_Try it_
The whole listing should come back exactly as written, except for the pictures.

_Data shown_
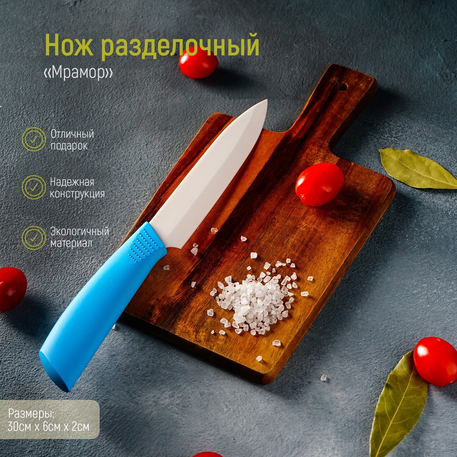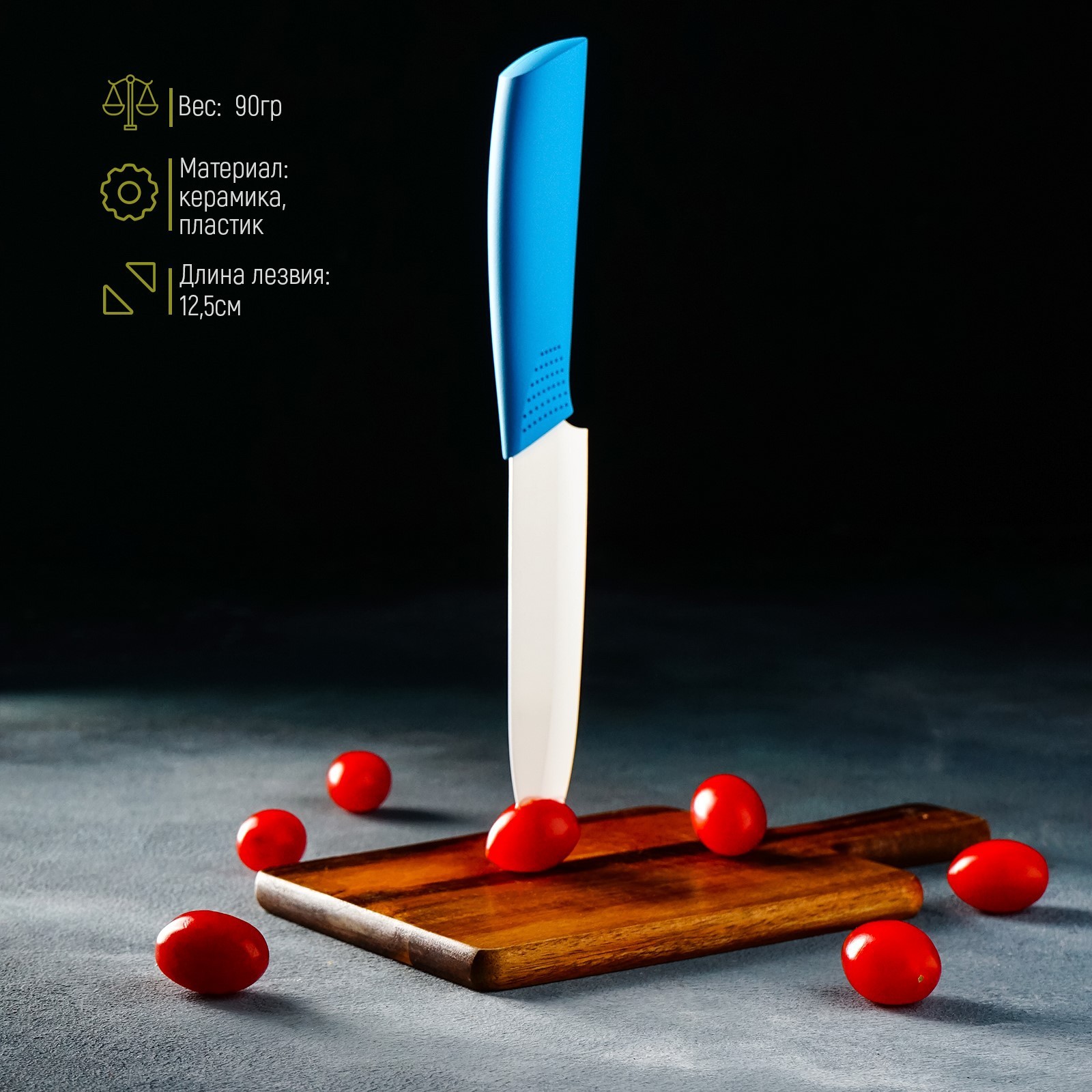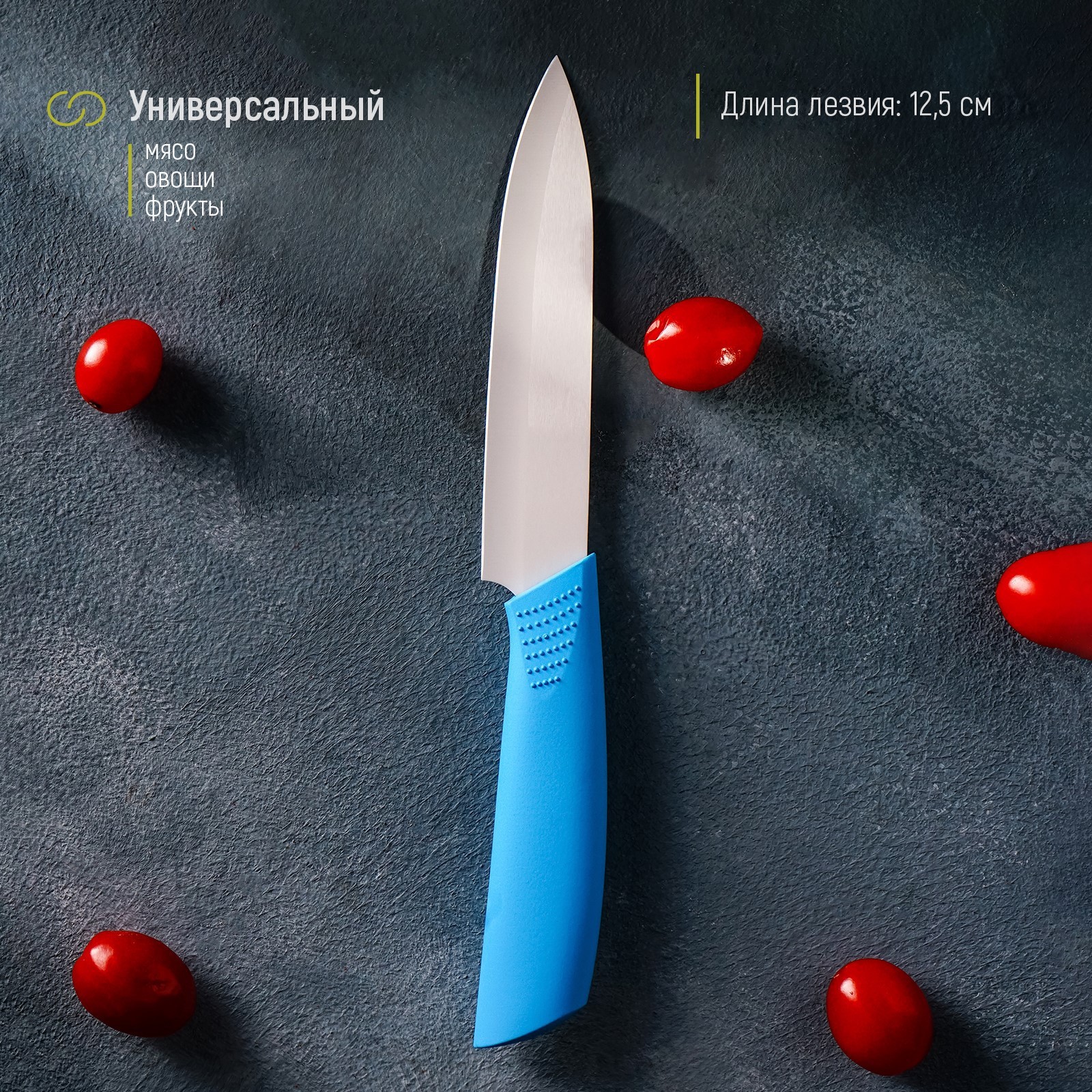 Нож керамический доляна «симпл», лезвие 12,5 см, ручка Soft Touch, цвет синий
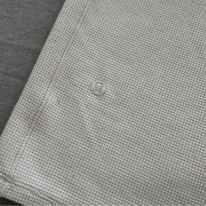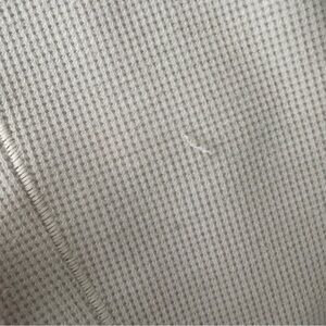 Heathered white opal. Good condition. Occasional pulled threads throughout due to fabric
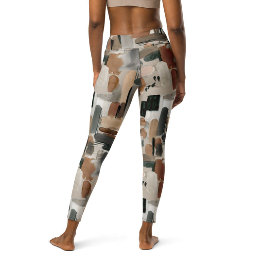 Women's Workout Yoga Leggings, Brush Stroke Printed Pattern

_Result_
 Нож керамический доляна «симпл», лезвие 12,5 см, ручка Soft Touch, цвет синий
 Heathered white opal. Good condition. Occasional pulled threads throughout due to fabric
 Women's Workout Yoga Leggings, Brush Stroke Printed Pattern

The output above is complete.